Pinot noir grapes have a much darker hue than ...

Pinot noir grapes have a much darker hue than the bluish-gray coloring of Pinot gris (Photo credit: Wikipedia)


Politics is all about perception, and 3 News has been investigating some of the Prime Minister’s business investments – in particular the activities of his blind trust.

It has a stake in a vineyard, along with the owners of some of New Zealand’s biggest supermarket owners.

The trust was set up after John Key became Prime Minister to ensure he had no possible conflict of interest – it’s like a third party running his investments without him knowing.

As a part of this trust, Mr Key has a financial interest in a Central Otago vineyard.

It’s no secret Central Otago is wine country, but it’s less well-known that Mr Key’s investment trust has a stake in a vineyard and a financial interest in the wine it produces.
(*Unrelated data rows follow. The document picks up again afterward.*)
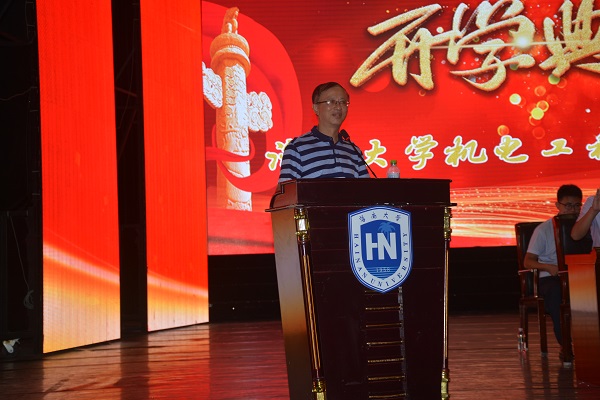院长翁绍捷在开学典礼上讲话,他代表学院热烈欢迎2019级新生的到来,并介绍了学院的发展历程、办学传统、办学特色和建设目标。翁院长提出大学要做的就是回归常识、回归本分、回归初心、回归梦想,勉励同学们努力学习,不仅要夯实课内的专业知识,也要拓展课外的兴趣爱好,做到四个回归,希望大家能够共同努力,使学院各项事业能够更上一层楼。
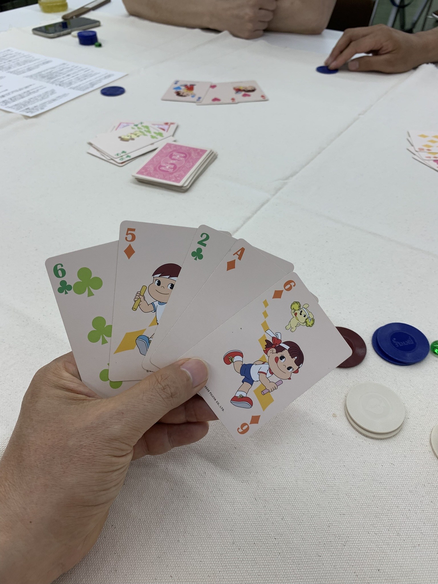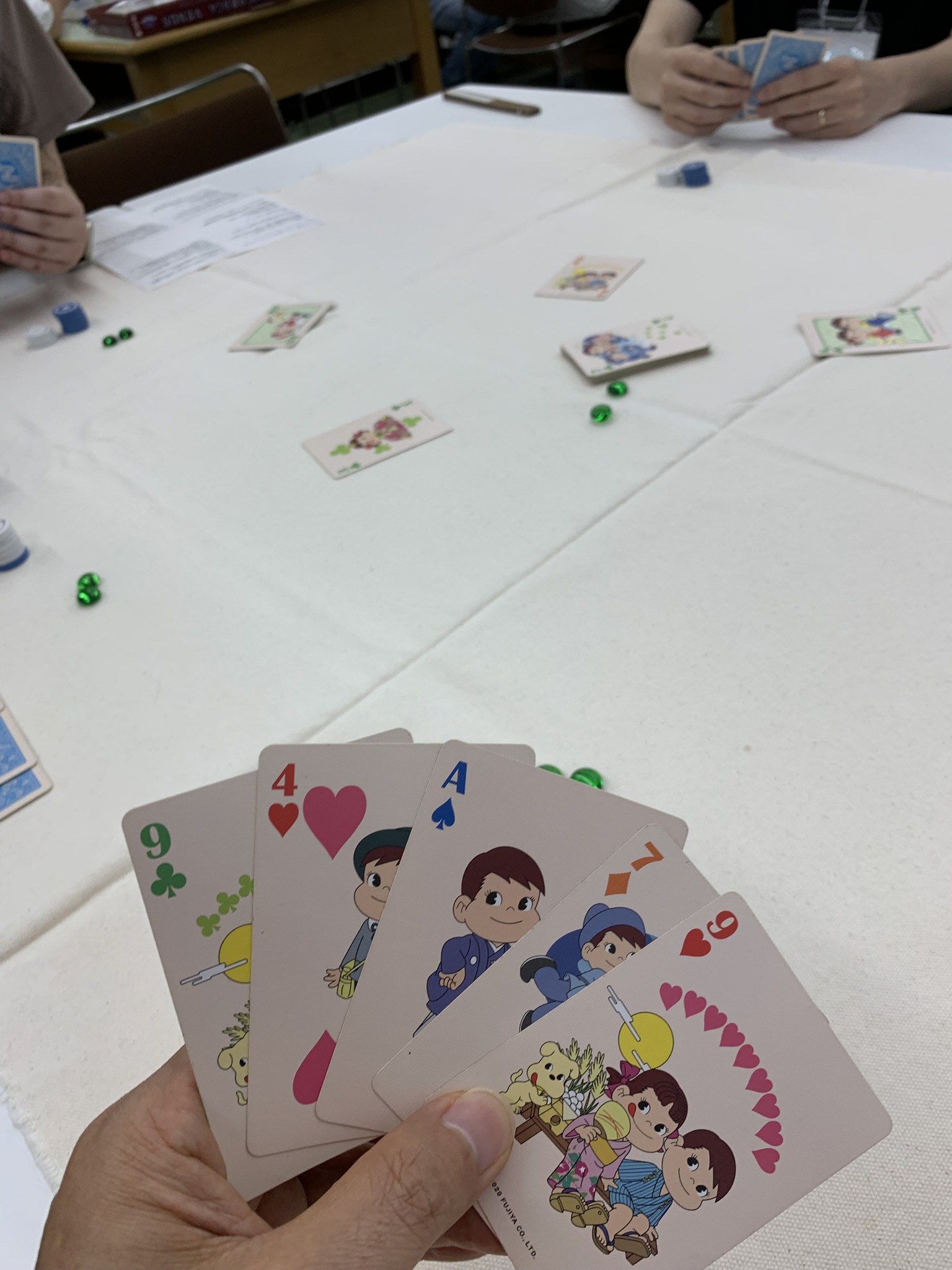 まずは軽くトランプゲームから遊びました。勝者はかもさん、お見事でした。
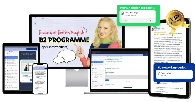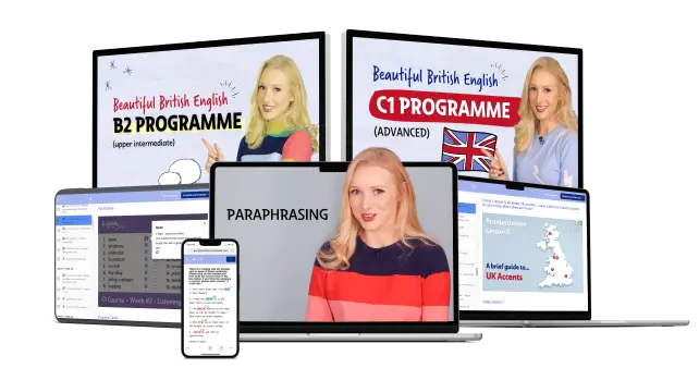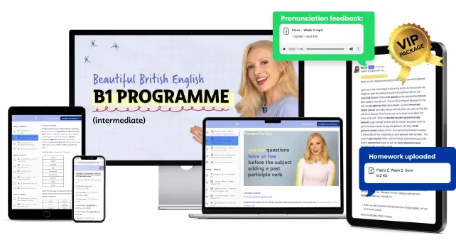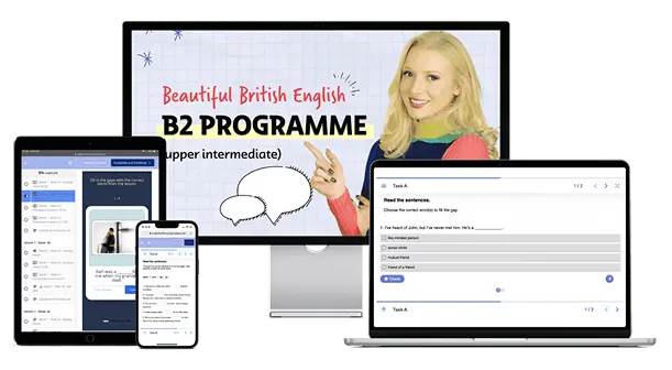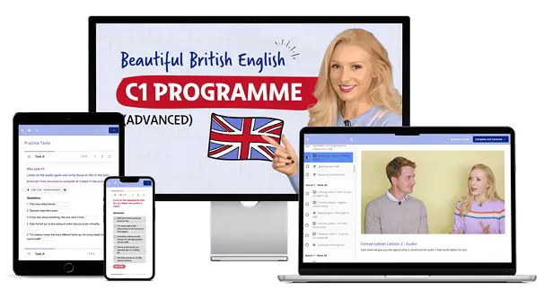 For the B2 Programme, you need to have a minimum of a B1 level of English – intermediate. In 3 months, the course will train you to master the B2 level, so you are in the perfect position to start C1. As a rule, if you can understand most of what I say in my videos without subtitles, you are ready for the B2 Programme.
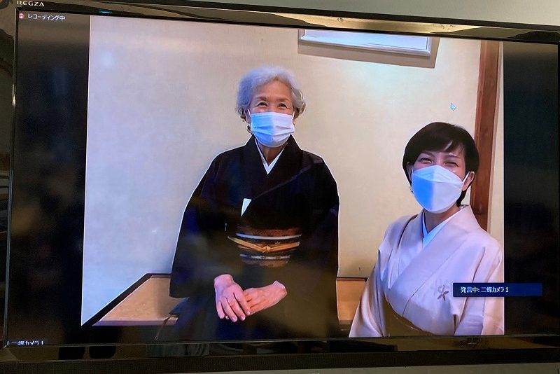 また、食事中にも女将、大女将からオンラインで和三盆糖作り実演や二蝶内散策があり、視覚でも楽しまれていました。
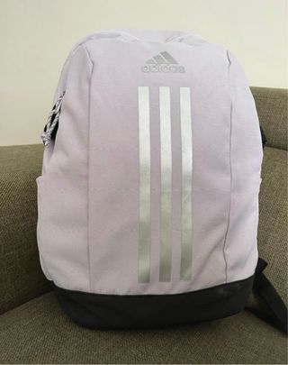 Mochila de la marca Adidas con un diseño moderno y práctico. - Color morado con detalles en negro. - Tres franjas plateadas reflectantes. - Bolsillo lateral.
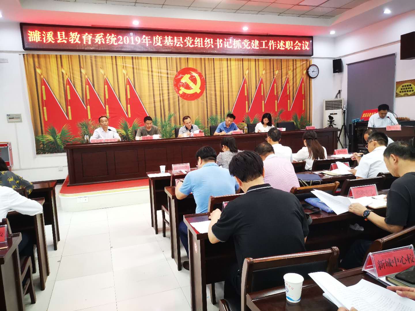 根据县委组织部统一部署,7月31日下午,濉溪县教育局党委召开教育系统2019年度基层党组织书记抓党建工作述职会议。局领导班子成员、机关各股室负责人、教育系统基层党组织书记等60余人参会,县委组织部常务副部长陈光到会指导。

He says he doesn’t even know himself, because his interests are tied up in the blind trust – however a month after that trust was set up, he had a dinner conversation with a wine critic, caught on video, in which he spoke about the vineyard.

“You’re a vineyard owner yourself aren’t you,” the critic asked Mr Key. “I am,” replied Mr Key. “I have a little bit of a pinot noir and chardonnay-producing vineyard here in Otago, and it’s been doing very well. It’s successful. It’s been exporting some wines, and it’s a lot of fun.”

Mr Key is talking about his trust being one of 11 shareholders in Highwater Vineyard. It is a part of Mount Michael Wines, a rising star in the industry.

But you won’t find this declared on the MP’s register of pecuniary interests, because his ownership is held by his blind trust.

It was set up when he came to power to guard against conflicts of interest.

“I don’t know whether I own any assets or not,” says Mr Key. “The only assets are in our blind trust. I don’t know what those assets are.”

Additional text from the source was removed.